Now he turned in the seat, putting an arm on the back of the swing, his expression earnest. “I tried to heal Sam. I did, Jo. I swear it. Every time I tried, I made it worse somehow and I still don’t understand how. I don’t understand why I couldn’t heal him when I’d had the power to knit you and Ellen back together. You’re both obviously well and healthy. I had the power and it makes no sense that I couldn’t fix him.”

He appeared to be eager to talk about it to someone and she let him, not talking, but rather thinking about what he was saying and what Sam and Dean had said both then and now.

“I’d touch his forehead, search out the broken section, and then…it’d move. It resisted, almost like a live thing inside his head. It shouldn’t have done that. The human mind isn’t like that and I don’t understand.”
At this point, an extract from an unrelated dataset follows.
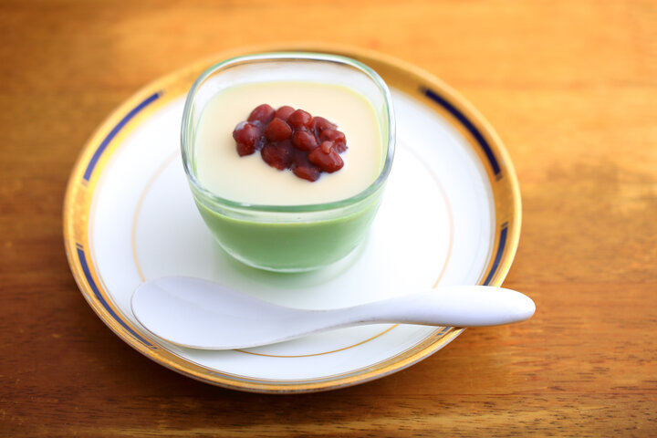 最後のデザートは、豆乳抹茶で作った杏仁豆腐です。デザートもすべて手作りで、何が出てくるかはその日のお楽しみです。 ここまでの全てのメニューで1320円という、驚きのリーズナブルさに何度でも足を運ぶ常連さんも多いのだとか。

“Maybe it wasn’t your fault you couldn’t fix him,” she replied slowly.

“What do you mean?”

Beth began to wake up and whimper and Jo raised her up against her shoulder, patting her back gently. “How sure are we all that Lucifer is just a hallucination? Are we one-hundred percent sure he didn’t piggyback Sam’s soul out of the cage when Death retrieved it?”

Castiel stilled, brow furrowing. “I’d think Death would’ve known if that were the case.”

“Sure, but would he tell anyone? I mean, isn’t the apocalypse and the end of the world the end game for all those higher beings? Even Death?”

He gave a half shrug. “Death doesn’t particularly care about us. His soft spot for Dean is an anomaly.”

“Sam was strong enough, with Dean’s help, to win the battle of wills against Lucifer. In order to take him again, Lucifer would have to really trick Sam into it. Isn’t making us all think Sam is nuts and hallucinates him right up Lucifer’s alley? If he can convince Sam to reintegrate him, then he wins. He takes control. You were an angel, Castiel. Is it likely he’d do that? I mean, there was a day once where I really thought it was me, Sam, and an unknown presence sitting at the table. Not you, but another one. He’d been talking to thin air, to Lucifer.”

“Sam already reintegrated himself as you put it. He did that after I pushed down the wall. He…. The wall….” His eyes glazed over a little and Jo could tell his thoughts had turned inward. Finally, he blinked. “Jo, I have to go.” He got up, then sat back down, one hand reaching out. He touched Beth’s cheek with a finger. “She really is a beautiful child and I’m very glad things worked out between you and Dean despite my meddling.” Castiel was gone before she could say anything more, running in the direction of the cabin.